WHAT YOU NEED TO DO: With pictures left out, please repeat word for word the lines from the one containing "Entretanto os dados" through the end of the records.

RECORD SET:
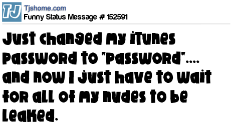 X says Just changed my iTunes password to "password".... and now I just have to wait for all of my nudes to be leaked.
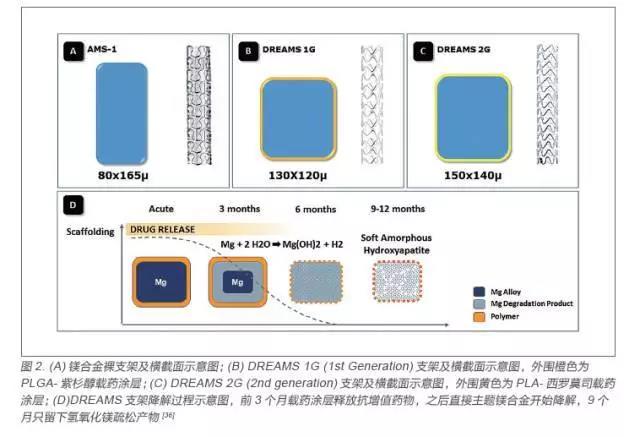 鎂是人體的必需元素,具有多種生理功能,與生命的維持、身體的健康有著極其密切的關(guān)系,因此可降解冠脈鎂合金支架研發(fā)處于可降解金屬支架的領(lǐng)先水平,以德國Biotronik 公司的鎂合金支架為代表, 前后經(jīng)歷了AMS、DREAMS 1G(drug-eluting absorbable metal scaffold 1 generation)和DREAMS 2G(drug-eluting absorbable metalscaffold 2 generation)三代支架(圖2),支架基體采用WE43 鎂合金材料[21]。AMS 為鎂合金裸支架,經(jīng)過PROGRESS 臨床實(shí)驗(yàn)顯示支架具有良好的安全性,且在新生兒體內(nèi)植入兩個(gè)AMS支架后,新生兒血清鎂含量處于正常水平,且不需要進(jìn)行二次手術(shù),但是降解速度太快徑向支撐力不足導(dǎo)致晚期管腔丟失現(xiàn)象嚴(yán)重,因此在該基礎(chǔ)上對鎂合金裸支架的成分和構(gòu)型進(jìn)行了更新,加粗了骨架尺寸,添加了一層載有紫杉醇藥物的可降解PLGA 高分子涂層,從而增強(qiáng)了支架支撐力,減少內(nèi)膜增生以及降低降解速率,研發(fā)出了DREAMS 1G[22-24]。
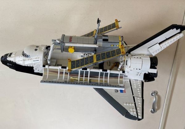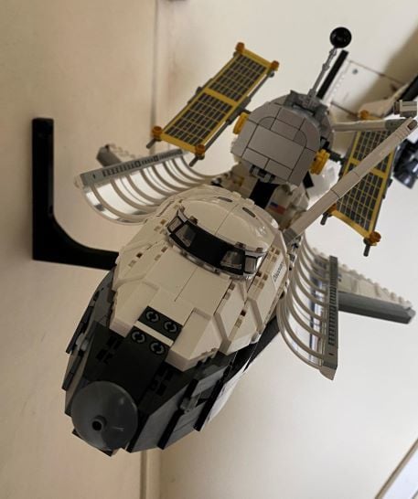 Μια βάση τοίχου για το LEGO 10283 Shuttle Discovery. Με αυτό το στήριγμα, το λεωφορείο και το hubble μαζί θα ζυγίζουν περίπου 1,75 κιλά, κάτι που είναι εντός της χωρητικότητας του στηρίγματος, η οποία έχει μετρηθεί σε τουλάχιστον 2,5 κιλά. Το λεωφορείο παρουσιάζεται με κλίση 10 μοιρών και κύλιση 20 μοιρών προς την αριστερή πλευρά.
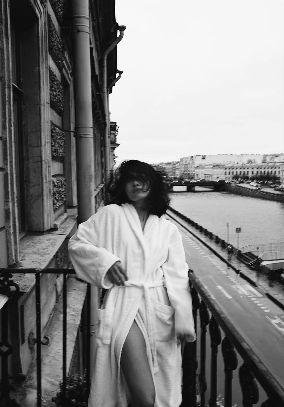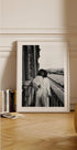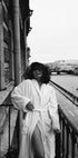 Una elegante fotografía en blanco y negro que captura la elegancia de un momento matutino en un balcón de estilo parisino. La figura en bata de baño irradia estilo e intimidad sin esfuerzo, con la ciudad y el río como fondo tranquilo. Arte de pared perfecto para los amantes de la moda, la fotografía y la estética urbana atemporal.
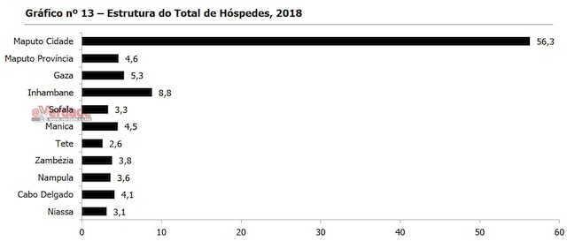 Entretanto os dados do INE indicam que a Cidade de Maputo é aquela que continua a receber maior número de hóspedes nacionais com 41 por cento, seguida por Gaza 8,7 por cento, os turistas estrangeiros também preferiram a capital do país para fazer turismo 69,1 por cento, apesar de não possuir as melhores praias e nem mesmo o melhor ecoturismo de Moçambique.
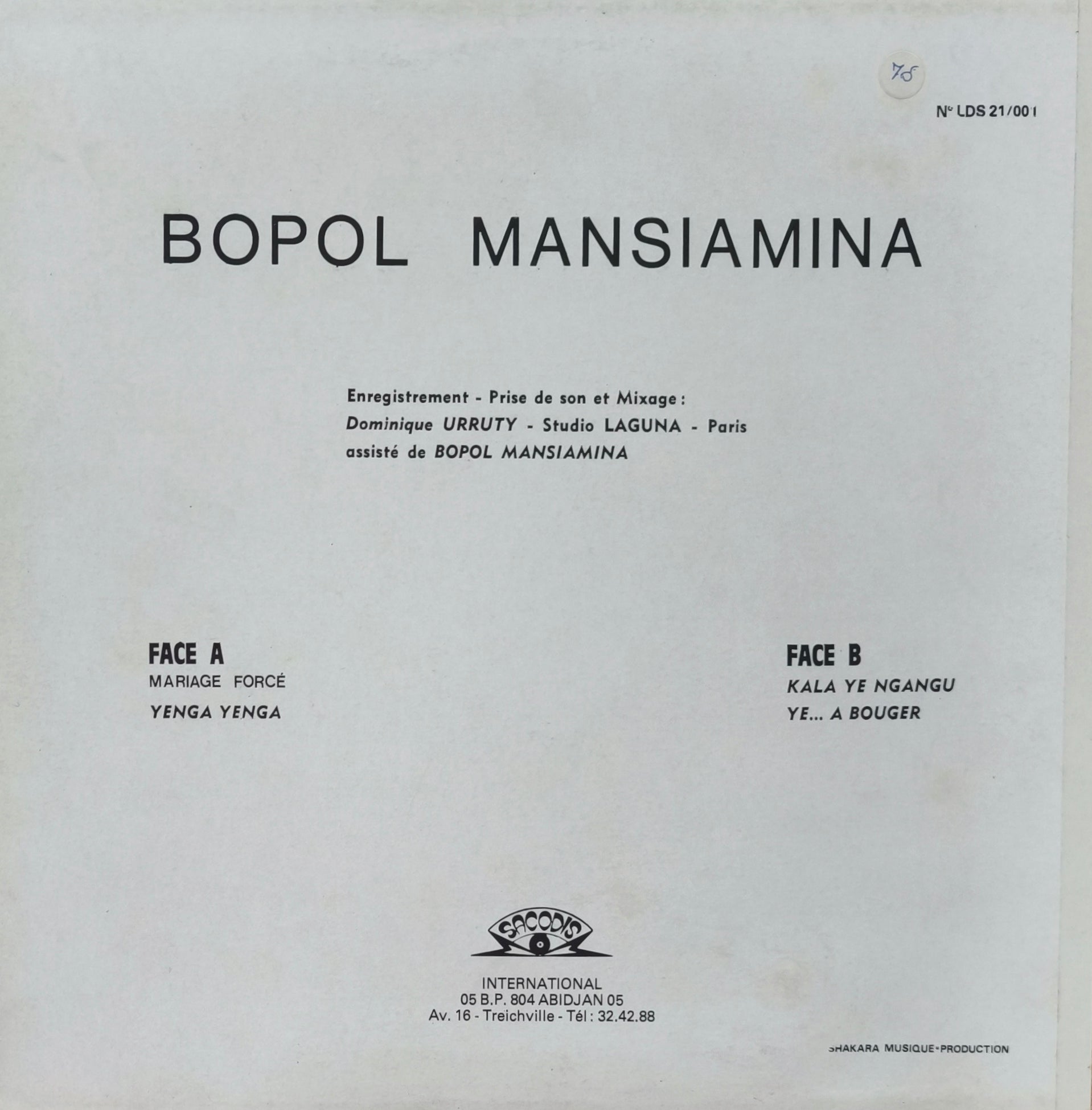 Mariage Forcé est le troisième album studio du chanteur congolais Bopol Mansiamina sorti en 1983.
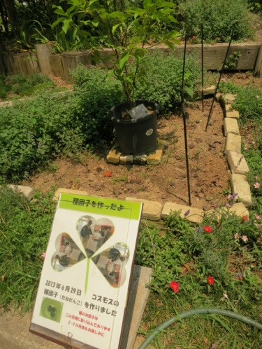 コスモスの種団子が芽生えていました花壇に放り込んだのは6月の30日です♪
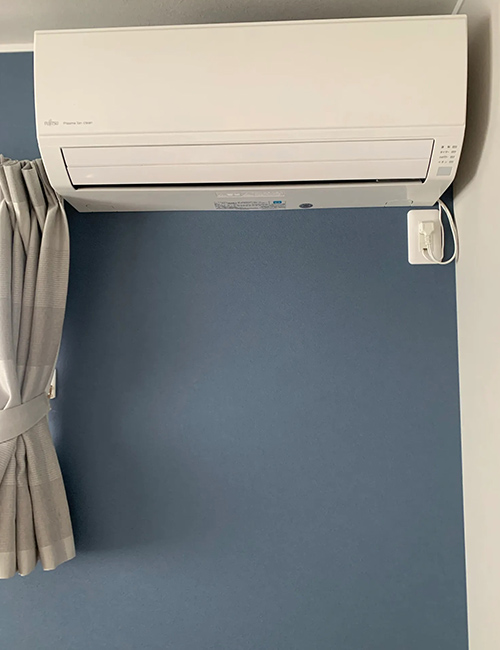 室内機は2階の2部屋に1台ずつ、新しく穴を開けて設置し、室外機は1階の地面に2台設置しています。
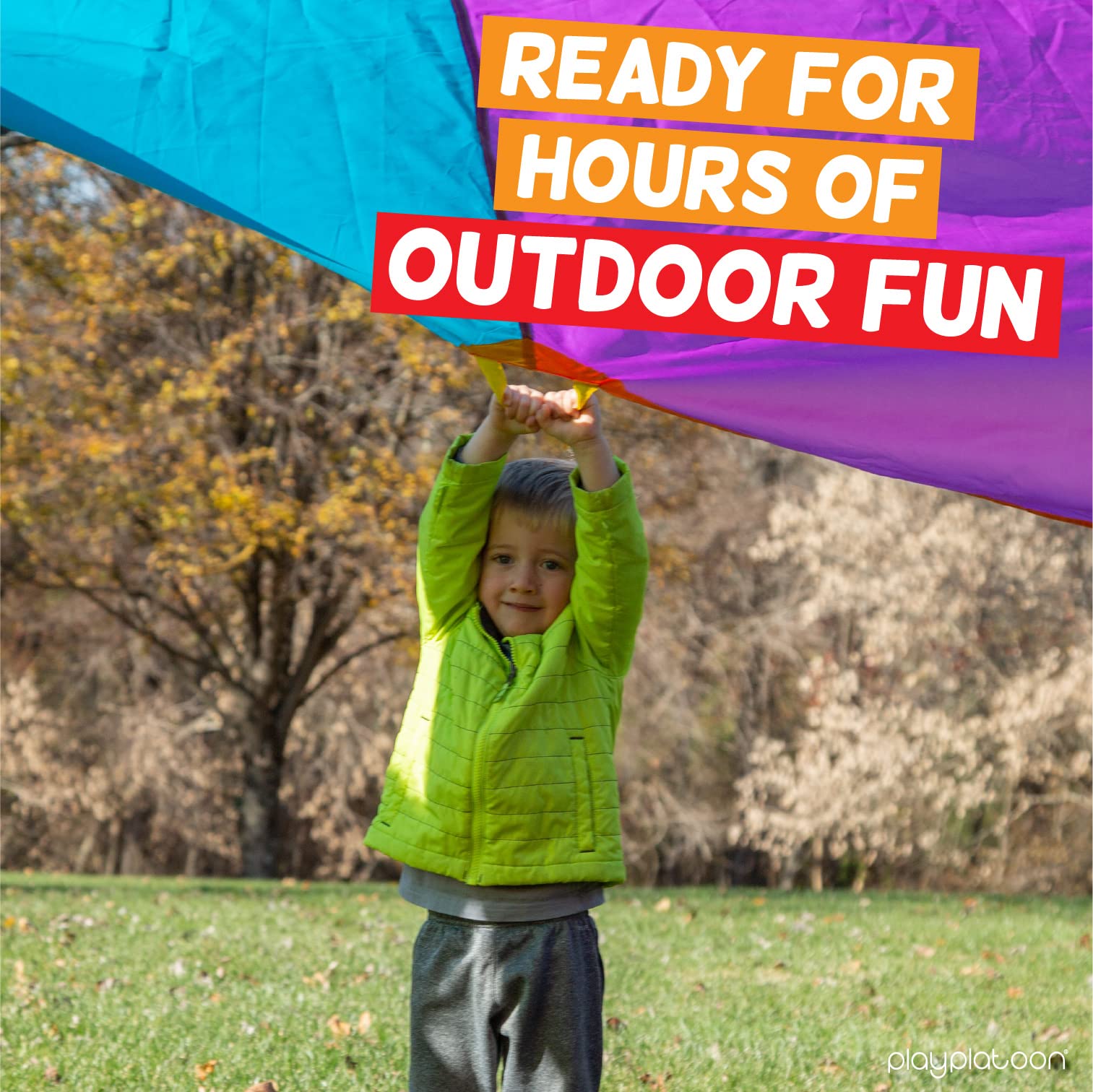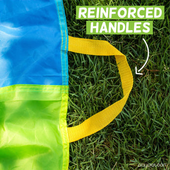 Unlike other parachutes for kids, the Play Platoon Play Parachute features strong reinforced handles designed to withstand heavy use and stay attached. We know that kids play rough, but this durable parachute is ready.

RESPONSE:
 Entretanto os dados do INE indicam que a Cidade de Maputo é aquela que continua a receber maior número de hóspedes nacionais com 41 por cento, seguida por Gaza 8,7 por cento, os turistas estrangeiros também preferiram a capital do país para fazer turismo 69,1 por cento, apesar de não possuir as melhores praias e nem mesmo o melhor ecoturismo de Moçambique.
 Mariage Forcé est le troisième album studio du chanteur congolais Bopol Mansiamina sorti en 1983.
 コスモスの種団子が芽生えていました花壇に放り込んだのは6月の30日です♪
 室内機は2階の2部屋に1台ずつ、新しく穴を開けて設置し、室外機は1階の地面に2台設置しています。
 Unlike other parachutes for kids, the Play Platoon Play Parachute features strong reinforced handles designed to withstand heavy use and stay attached. We know that kids play rough, but this durable parachute is ready.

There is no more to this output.